▸ Instructions to follow
Reproduce each line below precisely. Drop the pictures.

▸ Dataset extract

──────

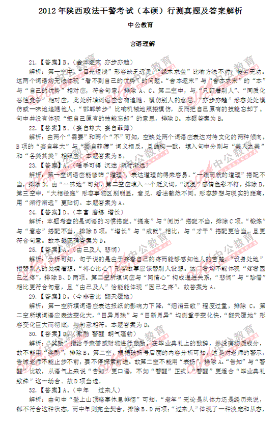 2012陜西政法干警(本碩)行測(cè)言語(yǔ)理解答案解析
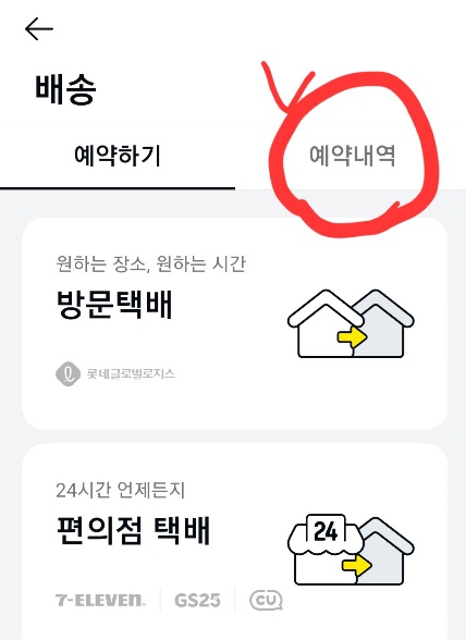 방문택배 예약 신청을 완료하고 나면 예약하기 버튼 옆에 예약내역을 눌러 조회를 할 수 있다.
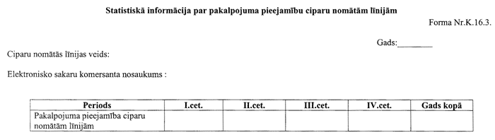 1Abonentlīniju uzskaiti jāattiecina uz publiskā fiksētā telefonu tīkla pieslēguma punktu (turpmāk — pieslēguma punkts) skaitu (tajā skaitā sapārotās, blīvētās abonentlīnijas, ISDN 30, PABX pieslēgumi ar R2-CAS un citi). ISDN BRA uzskaita kā vienu abonentlīniju.
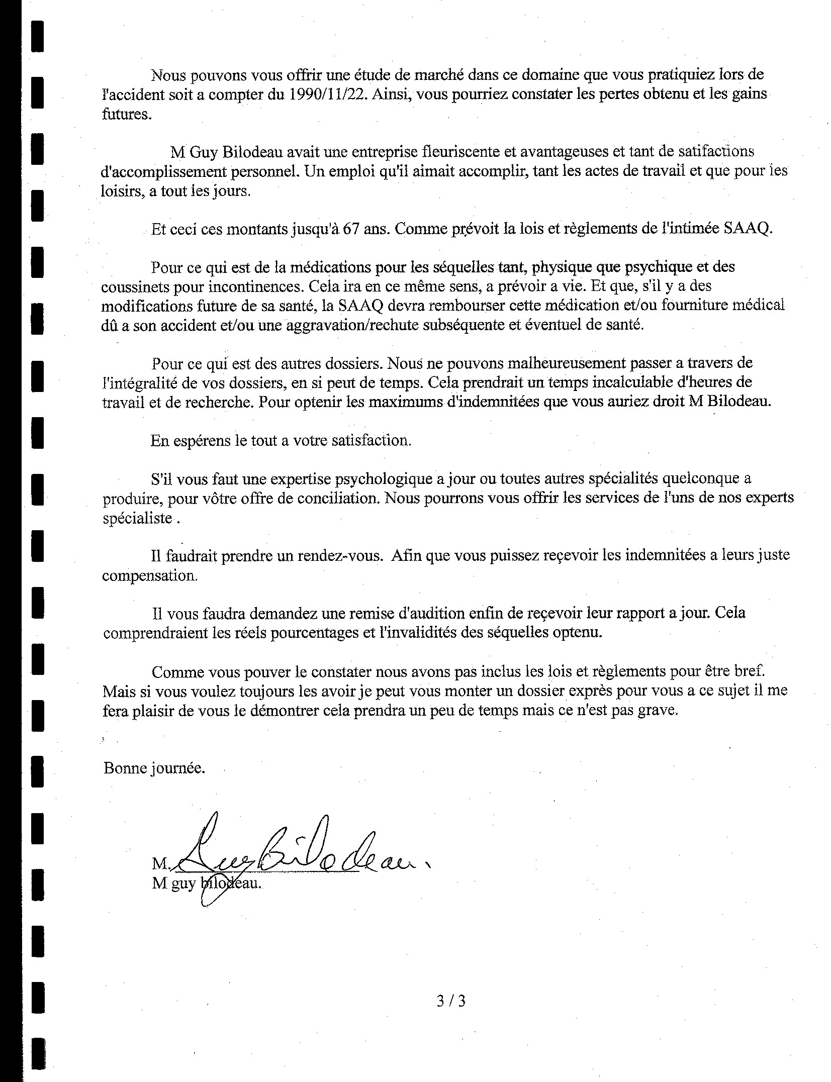 Pour ce qui est des autres dossiers. Nous ne pouvons malheureusement passer a travers de l'intégralité de vos dossiers, en si peut de temps. Cela prendrait un temps incalculable d'heures de travail et de recherche. Pour optenir les maximums d'indemnitées que vous auriez droit M Bilodeau.

──────

▸ Response for this exercise
 2012陜西政法干警(本碩)行測(cè)言語(yǔ)理解答案解析
 방문택배 예약 신청을 완료하고 나면 예약하기 버튼 옆에 예약내역을 눌러 조회를 할 수 있다.
 1Abonentlīniju uzskaiti jāattiecina uz publiskā fiksētā telefonu tīkla pieslēguma punktu (turpmāk — pieslēguma punkts) skaitu (tajā skaitā sapārotās, blīvētās abonentlīnijas, ISDN 30, PABX pieslēgumi ar R2-CAS un citi). ISDN BRA uzskaita kā vienu abonentlīniju.
 Pour ce qui est des autres dossiers. Nous ne pouvons malheureusement passer a travers de l'intégralité de vos dossiers, en si peut de temps. Cela prendrait un temps incalculable d'heures de travail et de recherche. Pour optenir les maximums d'indemnitées que vous auriez droit M Bilodeau.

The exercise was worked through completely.